**Exercise aim**: Leave the images aside and output every entry exactly.

**Data to examine**:
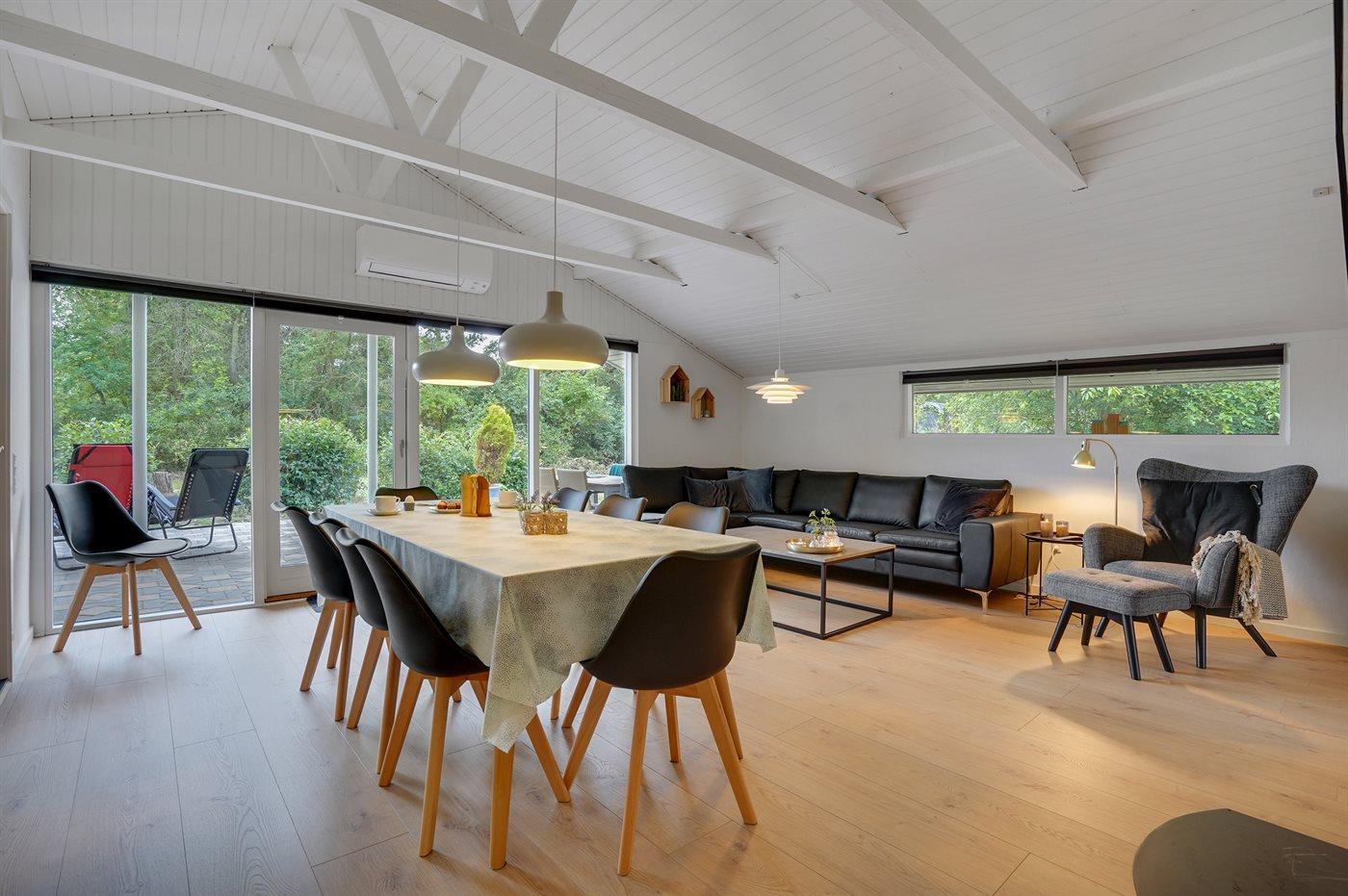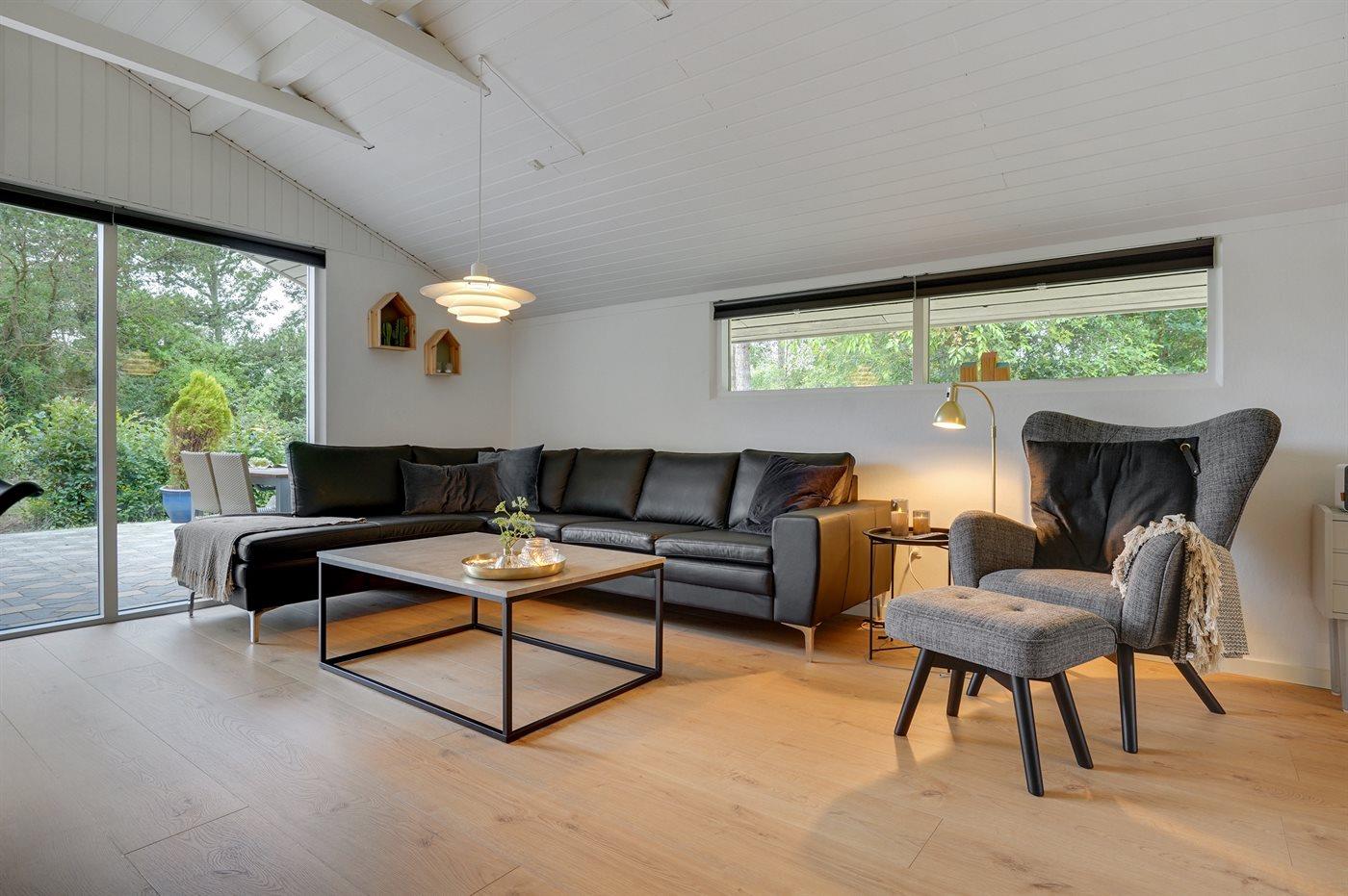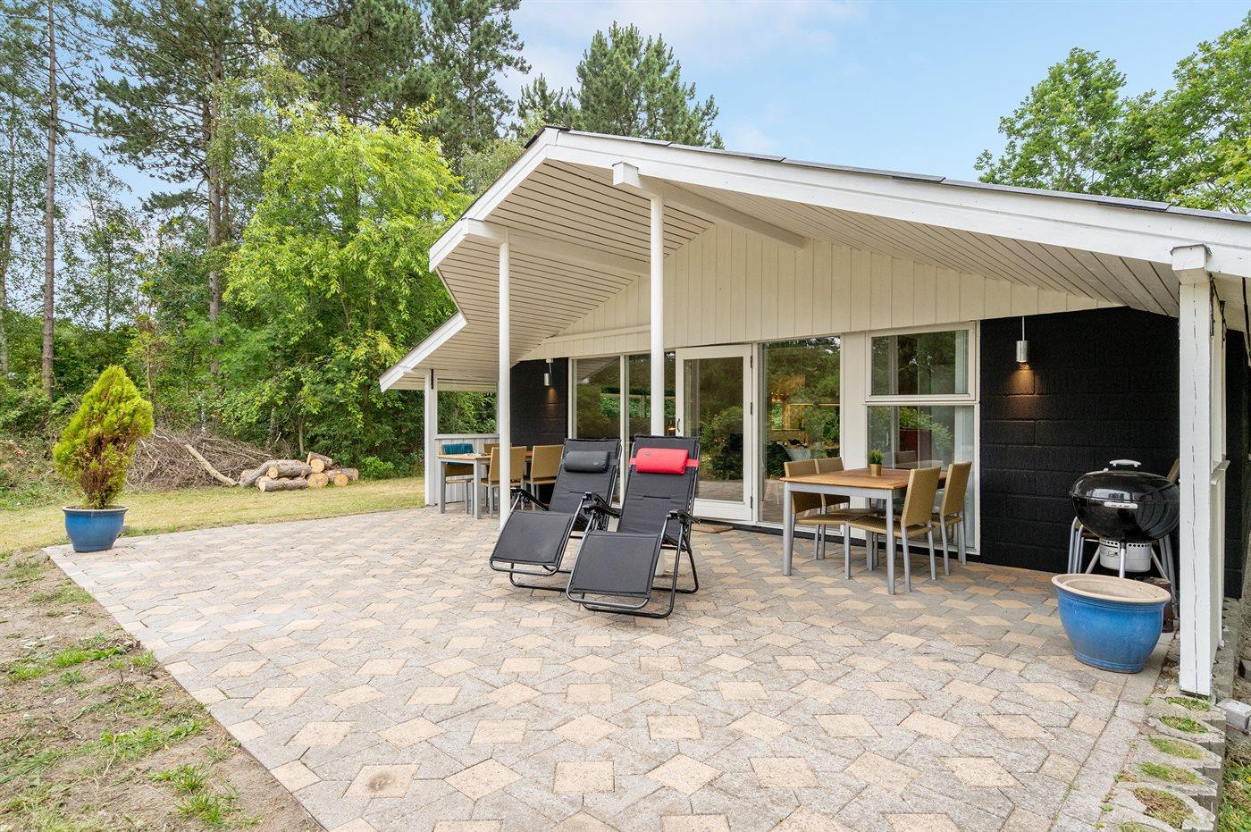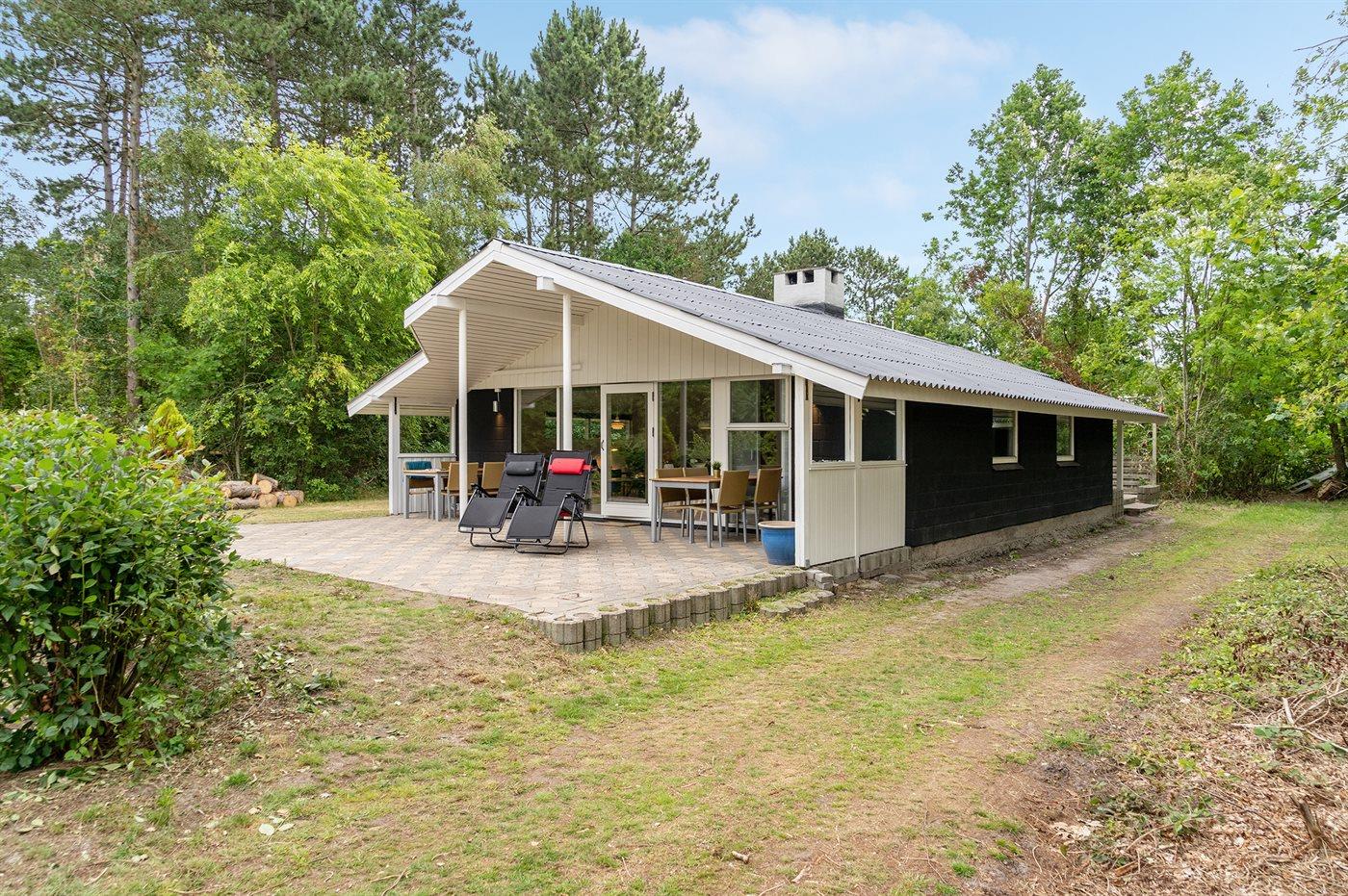 Skønt sommerhus i naturskønne omgivelser nær badestrand med store terrasser og plads til hele familien.
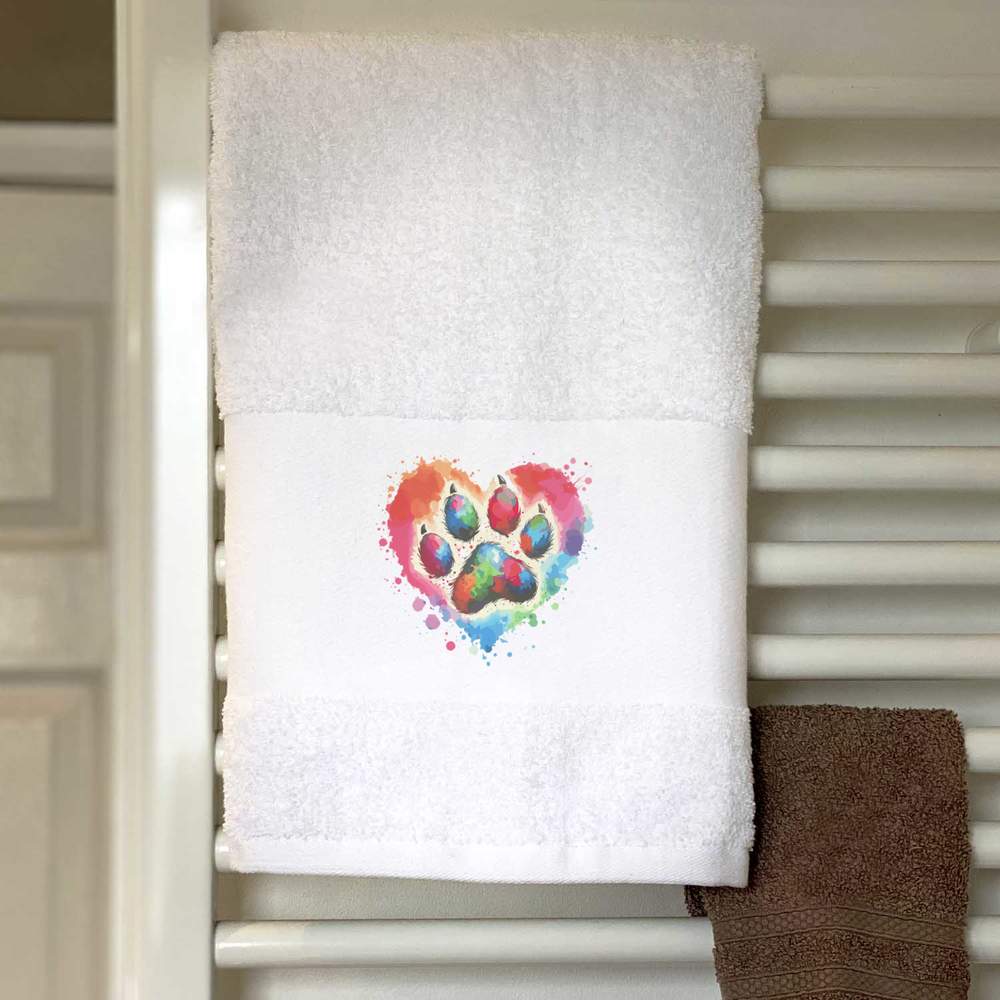'Watercolour Illustration of a Paw Print Love Heart'
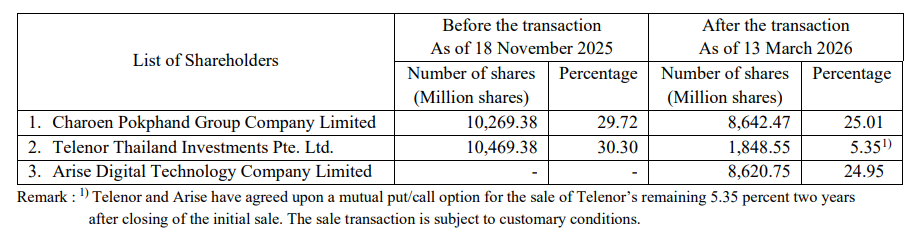 The Company has been additionally informed by Telenor and Arise that the share purchase transaction between them was successfully completed on 13 March 2026. Arise acquired shares of the Company from Telenor, representing 24.95% of the Company’s paid-up capital. In this regard, Arise does not fall within the scope requiring a tender offer pursuant to the rules, conditions, and procedures in accordance with Notification of the Capital Market Supervisory Board Re: Rules, Conditions, and Procedures for the Acquisition of Securities for Business Takeovers. Consequently, Arise has become a major shareholder of the Company, replacing Telenor.
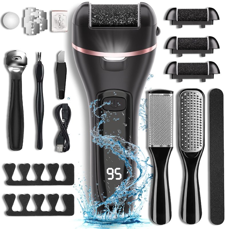 This kit comes with everything you need to get the softest feet of your life! It has an electric callous remover with interchangeable heads of different grits. It has various hand files and some other tools you may need.
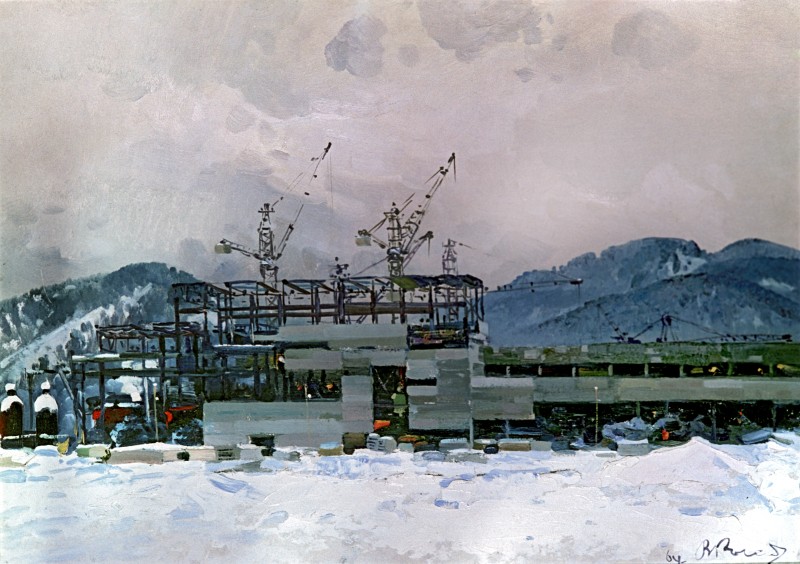 - 01.01.1967 года. Репродукция картины Виталия Рогаля «Усть-Илим». Свердлов / РИА Новости

**Result below**:
 Skønt sommerhus i naturskønne omgivelser nær badestrand med store terrasser og plads til hele familien.
'Watercolour Illustration of a Paw Print Love Heart'
 The Company has been additionally informed by Telenor and Arise that the share purchase transaction between them was successfully completed on 13 March 2026. Arise acquired shares of the Company from Telenor, representing 24.95% of the Company’s paid-up capital. In this regard, Arise does not fall within the scope requiring a tender offer pursuant to the rules, conditions, and procedures in accordance with Notification of the Capital Market Supervisory Board Re: Rules, Conditions, and Procedures for the Acquisition of Securities for Business Takeovers. Consequently, Arise has become a major shareholder of the Company, replacing Telenor.
 This kit comes with everything you need to get the softest feet of your life! It has an electric callous remover with interchangeable heads of different grits. It has various hand files and some other tools you may need.
 - 01.01.1967 года. Репродукция картины Виталия Рогаля «Усть-Илим». Свердлов / РИА Новости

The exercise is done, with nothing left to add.